MAKE YOUR FLYING EASY! Let skybookGA™, the most integrated on-line pre-flight briefing service for the GApilot, take the pressure off planning your next flight OING flying this weekend? Will you be off to the south coast, working your way down through the busy air corridors of Luton, Stansted, Heathrow and Gatwick plus a host of other active airfields? Before you go, you need to know the best route, with the best information at your disposal. So, who do you turn to? It has to be the experts. Turn to skybookGA, the most integrated briefing service available, which ensures the relevant information for your flight is available wherever you are, whenever you want, before you set off. INDUSTRY EXPERTISE The service was created by flight planning experts Bytron, behind commercial flight briefing services used by major airlines, NATS and airport authorities. skybookGA is a spin-off from this professional commercial programme. When Bytron was formed 1984, its objective was to provide electronic briefing systems that would dispense with the uncertainty of fax and paper trails that hindered reliable data provision. Their mission to abolish unwieldy processes brought great benefits to professional pilots – and now GA pilots too. skybookGA benefits from the lengthy development process that went into the professional service. Rightfully known as ‘the

one-stop shop for pre-flight briefing,’ skybookGA offers comprehensive planning aids which allow pilots to easily customise routes, visualise them, and view in both Google Earth and Virtual Earth. At the invitation of Thomas Cook Airlines, which uses Bytron’s eFlight Briefing package, Bytron is working with Rolls-Royce subsidiary DS&S to create its first fully-integrated and connected Electronic Flight Bag (eFB), allowing maintenance data and engine monitoring on a global scale. FANTASTIC FEATURES FOR GA The beauty of skybookGA is the breadth of service it offers, catering well for the shortest low-level flight, all the way to upper level cross-border journeys – always being easy to use. skybookGA features include Personal Location Point information, which allows you to create waypoints and store them for future use. Airfield Brief is another brilliant feature, which allows search of airfields by name or ICAO and IATA codes. The information includes full airfield and runway details, plus all NOTAM/METAR/TAFS/ LTAFS/SNOWTAM affecting that airfield. The Great Circle Route Briefing will route width and upper flight level, and create a route using the shortest course between the airfields. The brief calculates all FIR and airfields within the route’s width and upper limit with NOTAM and MET info.

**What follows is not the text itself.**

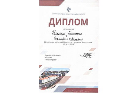 13-14 декабря 2025 г. прошел VI Международный юридический студенческий конгресс «Эпоха права: время объединяться» на базе Санкт-Петербургского государственного университета. 13 декабря 2025 г. в рамках Конгресса состоялся финал Всероссийского судебного конкурса (кейс-чемпионата). Студенты 3 и 4 курсов юридического факультета Санкт-Петербургского филиала Университета прокуратуры Российской Федерации продемонстрировали блестящую подготовку и высокий профессионализм в области административного права, завоевав главные награды престижного соревнования. Конкурс, направленный на выработку практических навыков судебной защиты, проходил в два этапа. На первом, заочном этапе, участники решали сложный юридический кейс. Во втором, очном туре, команды представляли и отстаивали правовую позицию по реальному судебному делу. По итогам напряженной борьбы команды студентов Института показали выдающийся результат в области административного права. Команда «Бригада» в составе Ивана Вдовиченко и Лилии Кондратьевой (4 курс) была удостоена звания ПОБЕДИТЕЛЯ конкурса! Их глубокая аналитика, убедительная аргументация и мастерство судебных ораторов покорили жюри. Команда «Литейный 44» в составе Виктории Карташевой и Виктории Тен (3 курс) с достоинством вошла в число ПРИЗЕРОВ соревнования, подтвердив утверждение, что в Институте готовят сильнейших практико-ориентированных специалистов. 14 декабря 2025 г. студенты 5 курса юридического факультета Санкт-Петербургского филиала Университета прокуратуры Российской Федерации приняли участие в Конференции в рамках VI Международном юридическом конгрессе студентов «Эпоха права: время объединяться». ПРИЗЕРАМИ в секции «Процессуальное право: гражданское, арбитражное, уголовное и административное судопроизводства» стали студенты 5 курса Института Бажина Ульяна и Липская Валерия, которые выступили с докладом «Защита прокурором публичных интересов в арбитражном процессе»! Поздравляем наших студентов и научных руководителей: заведующего кафедрой гражданско-правовых дисциплин Н.А. Васильчикову и старшего преподавателя кафедры государственно-правовых дисциплин Л.С. Булгакову с блестящей победой, желаем дальнейших успехов!

SIGMET advises on potential weather hazards other than convective activity over a 3000 square mile area, generating data on icing, turbulence, dust and even volcanic ash. AIRMET’s regional weather forecasts cover regions within the UK and is updated regularly throughout the day. Two of skybookGA’s integrated features that pilots particularly praise are the Quick Weather Maps and Danger Area Briefs. Quick Weather Maps allow you to view prevailing weather conditions and trends at a glance. They provide information on windspeed and direction, temperature, dew points, cloud cover and pressure. Danger Area Briefs allow searches for international and domestic NOTAM affecting Danger Areas by FIR, area name or number during specific time periods. It includes easy-to-view charts of UK Danger Areas. International NOTAM contains information about the establishment, condition or change in any facility, service, procedure or hazard. The most recent development is the Pilot Log (Plog), based on departure, destination, flight level and flight corridor, and even fuel burn. Routing data can be exported to GPs devices too. It’s small wonder GA pilots cherish the comprehensive briefing data that skybookGA offers. They feel confident that every eventuality has been covered, before setting off to the airport.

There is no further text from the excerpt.